A Dedekind ring is a UFD if and only if it is a PID, but not all UFDs are PIDs, so it must be the case that there are UFDs that are not Dedekind. But on the other hand, since unique factorization of ideals into prime ideals seems like a much weaker condition than unique factorization of elements into primes, shouldn't all UFDs be Dedekind and therefore PIDs?
What are the errors in my logic, and (if they do exist), what's an example of a UFD that is not Dedekind?
On
The best example (a UFD with Krull dimension $> 1$) has already been given in one answer as well as the comments. However, I thought I might point out that another criterion for being Dedekind can also fail for a UFD, namely being noetherian.
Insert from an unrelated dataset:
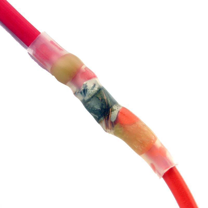 The solder will melt to join the copper strands, the two rings of glue will melt to seal around the cable insulation and the sleeve itself will shrink tightly around the wire for a strong, permanent, weatherproof joint.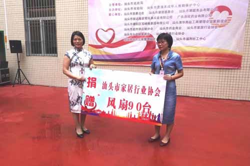 6月19日,汕头市救助站举行以“同献爱心、全力救助”汕头市社会各界关爱流浪乞讨人员为主题的“6•19”开放日活动,汕头市家居行业协会在了解流浪乞讨人员的救助工作情况后,积极参与到爱心捐赠工作中,向汕头市救助站共捐赠电风扇(壁扇)90台,用于改善滞留在站的受助人员的生活条件。我会作为爱心单位应邀到场参加物资捐赠仪式,并接受爱心牌匾。

For an example of a non-noetherian UFD, consider $R = \mathbb{Z}[x_{1}, x_{2}, \ldots]$. It is not hard to see that $R$ is a UFD. However, $R$ is not noetherian, as the ideal $\langle x_{1}, x_{2}, \ldots \rangle$ is not finitely generated. (Alternatively, the ascending chain of ideals $\langle x_{1} \rangle \subset \langle x_{1}, x_{2} \rangle \subset \langle x_{1}, x_{2}, x_{3} \rangle \subset \cdots$ does not stabilize, so $R$ is not noetherian by an equivalent characterization.)
Note that $\mathbb{Q}[x,y]$ is a UFD, but it is not Dedekind domain since $(x)$ is a non-zero prime ideal, which is not maximal.